Stanford study says 5-minute Bitcoin prediction markets enable settlement manipulation

Cointelegraph 2026-07-15 20:05:08
Context: A recent study conducted by researchers at Stanford University has found that short-duration Bitcoin prediction markets, specifically those with five-minute settlement windows, are vulnerable to manipulation by market participants seeking to influence spot prices around contract settlement. This research, which focused on Polymarket's five-minute Bitcoin prediction markets, suggests that such brief settlement periods create incentives for traders to engage in strategic behavior that can distort market outcomes.

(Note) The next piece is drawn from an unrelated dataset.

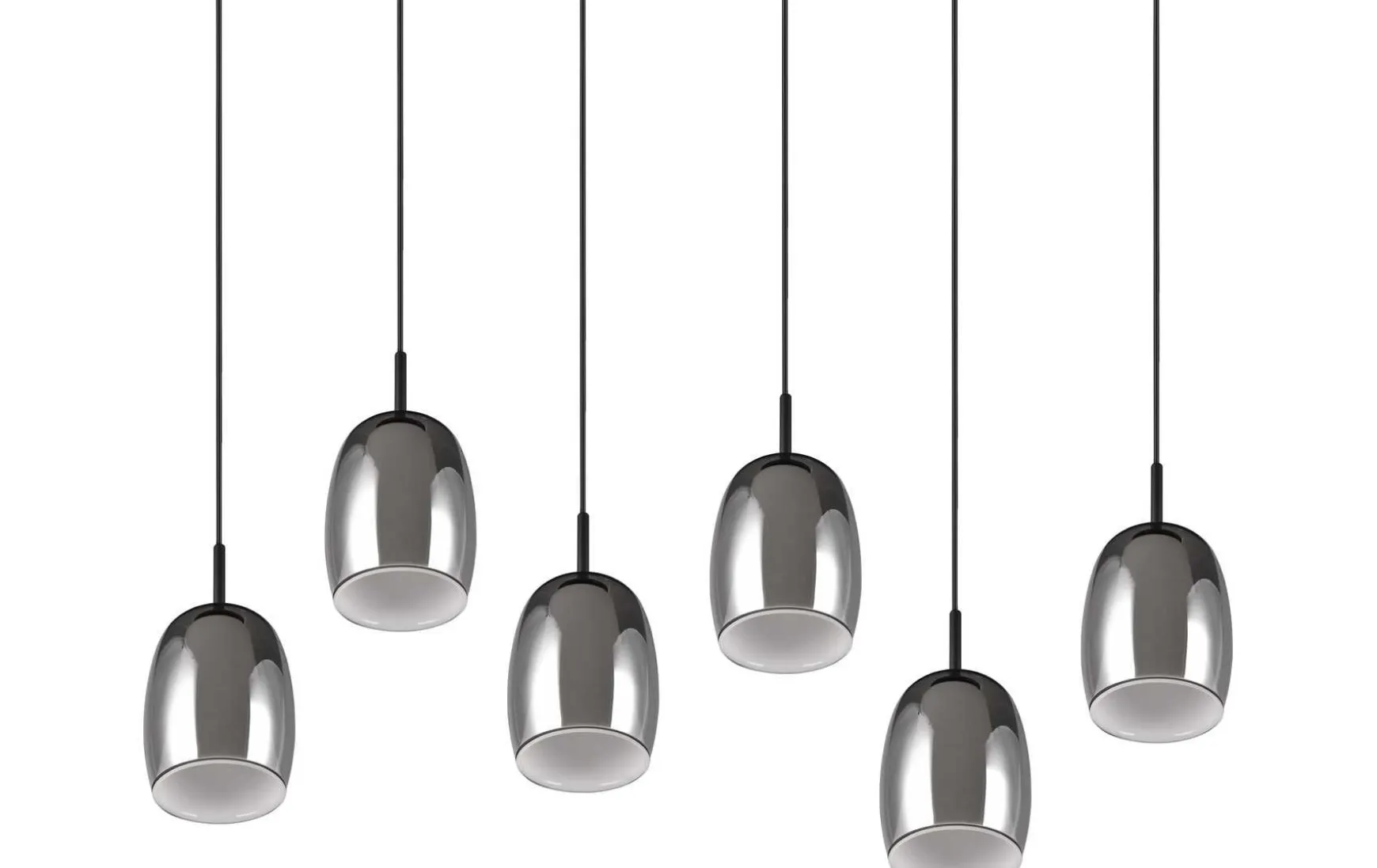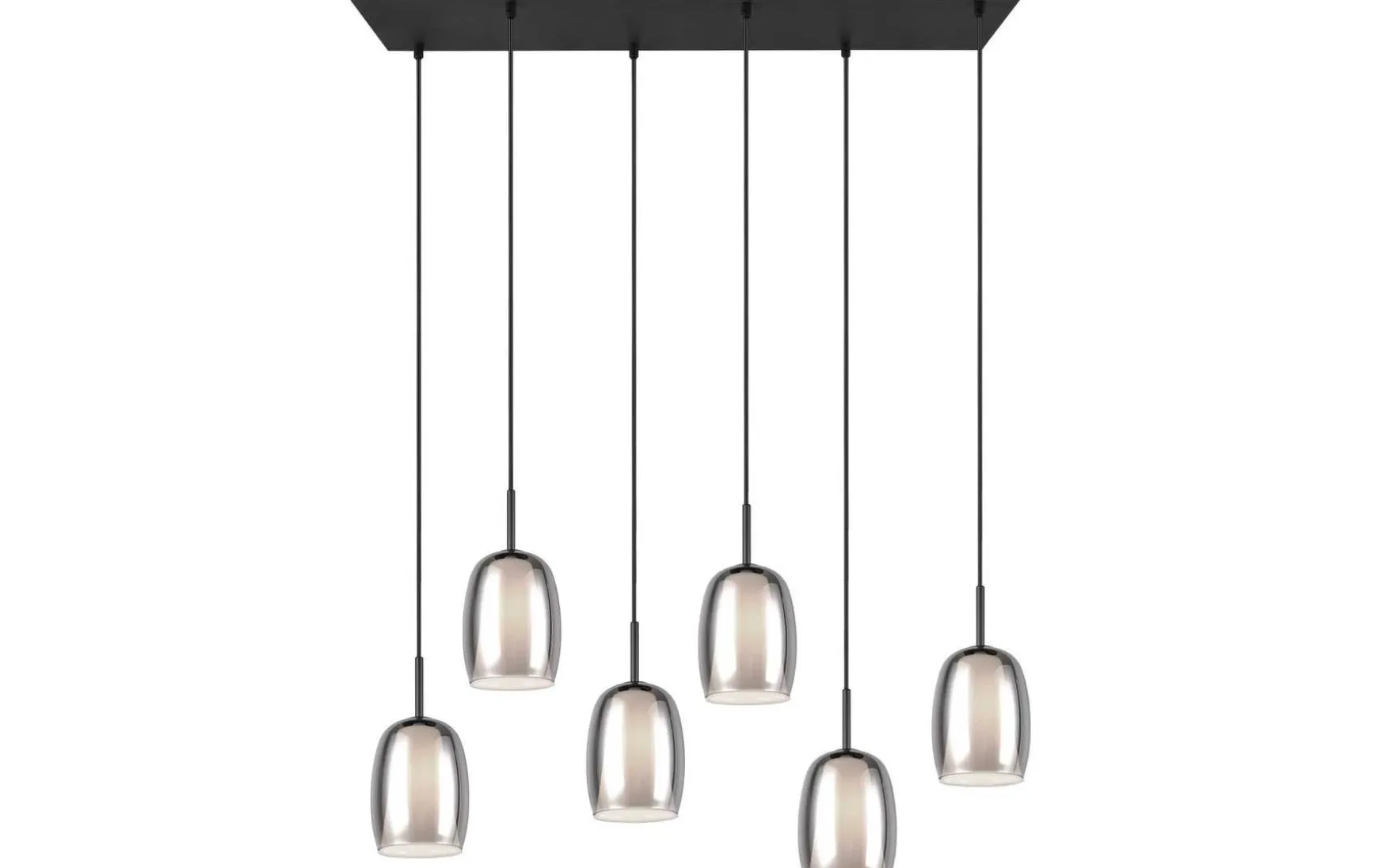 Diese Pendelleuchte setzt stilvolle und dekorative Akzente, die perfekt dem aktuellen Trend entsprechen. Mit ihren zwei elegant geformten Leuchtschirmen aus Glas je Lichtquelle zaubert sie ein besonders sanftes, stimmungsvolles Licht über einem Ess- oder Wohnzimmertisch. Die Verwendung von schwarz mattem Metall verleiht der Leuchte eine zeitlose Eleganz, während die Kombination aus dem äußeren rauchfarbigen Glasschirm und dem inneren weißen Glasschirm gleichzeitig einen Hauch von Modernität ausstrahlt. Dadurch fügt sich die Pendelleuchte mühelos in unterschiedlichste Einrichtungsstile ein. Für eine energiesparende Beleuchtung empfiehlt sich die Verwendung eines LED Leuchtmittels. Diese sind eine optimale Alternative zu herkömmlichen Halogen Leuchtmitteln und stehen für eine hohe Lichtqualität und eine Energieeinsparung von bis zu 80%. Zusätzlich profitieren Sie bei LED Leuchtmitteln von einer langen Lebensdauer, einer geringen Wärmeentwicklung und schonen gleichzeitig die Umwelt.

The study's findings have implications for the design of prediction markets, highlighting the need for longer settlement windows to mitigate the risk of manipulation.

Key Facts

  • The Stanford University study examined Polymarket's five-minute Bitcoin prediction markets and discovered that they create incentives for market participants to manipulate spot prices around contract settlement.
  • The researchers found that the brief settlement window of five minutes allows traders to engage in strategic behavior, such as buying or selling Bitcoin in large quantities, to influence the spot price and thereby affect the outcome of the prediction market.
  • The study proposes that implementing longer settlement windows for prediction markets could help to mitigate the risk of manipulation, as longer settlement periods would reduce the incentives for traders to engage in strategic behavior aimed at influencing spot prices.